Phishing campaigns target airline consumers seeking business credentials

A series of phishing campaigns is targeting airline consumers with messages crafted to trick victims into handing over personal or business credentials.

A wave string of phishing campaigns is targeting airline consumers with messages crafted to trick victims into handing over personal or business credentials.

The phishing messages pretend to be sent from a travel agency or a someone inside the target firm, they include a weaponized document or embed a malicious link.

“Over the past several weeks, we have seen a combination of attack techniques. One, where an attacker impersonates a travel agency or someone inside a company. Recipients are told an email contains an airline ticket or e-ticket,” explained Asaf Cidon, vice president, content security services at Barracuda Networks. 
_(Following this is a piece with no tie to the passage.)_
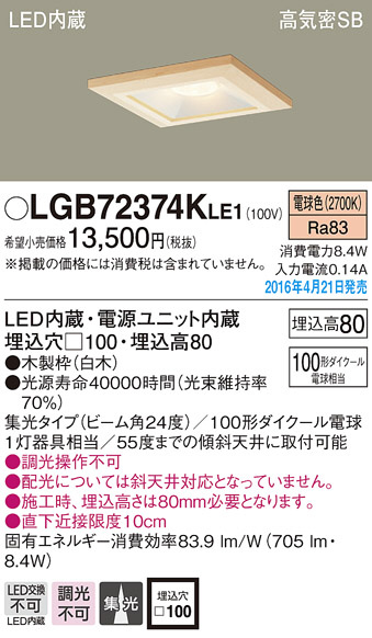 PANASONIC ¥Ñ¥Ê¥½¥Ë¥Ã¥¯ ¥À¥¦¥ó¥é¥¤¥È LGB72374KLE1
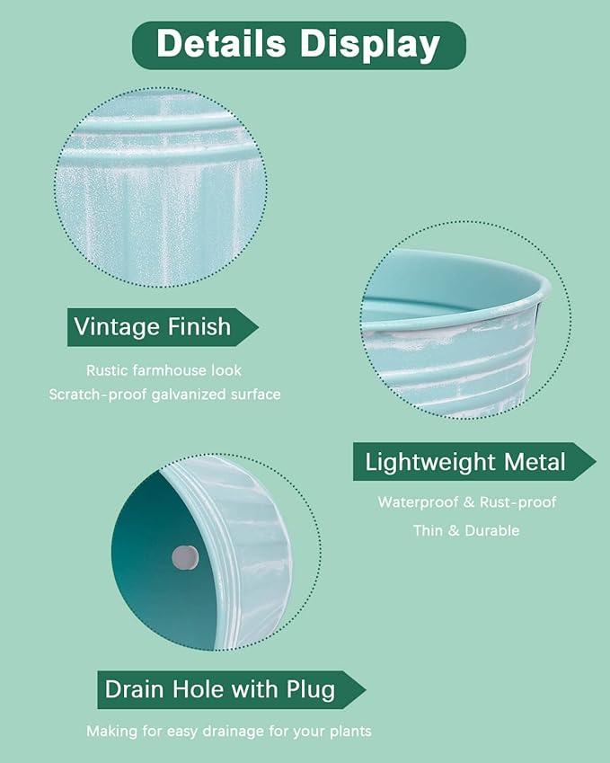 - 【Rust-proof Material】Galvanized tin planter made of high-quality iron with perfect rustic look, scratch-proof galvanized surface. The metal material is waterproof and rust-proof, relatively light, durable, and sturdy.

According to Barracuda Networks, aviation-themed phishing attacks contain links to spoofed airline sites, threat actors personalize the phishing page in a way to trick victims into providing business information.

The attackers show a deep knowledge of the targets, hackers are targeting logistic, manufacturing and shipping industries.

“It’s clear there is some degree of advanced reconnaissance that takes place before targeting individuals within these companies,” Cidon added.

Recently the U.S. Computer Emergency Readiness Team issued an alert of phishing campaigns targeting airline consumers.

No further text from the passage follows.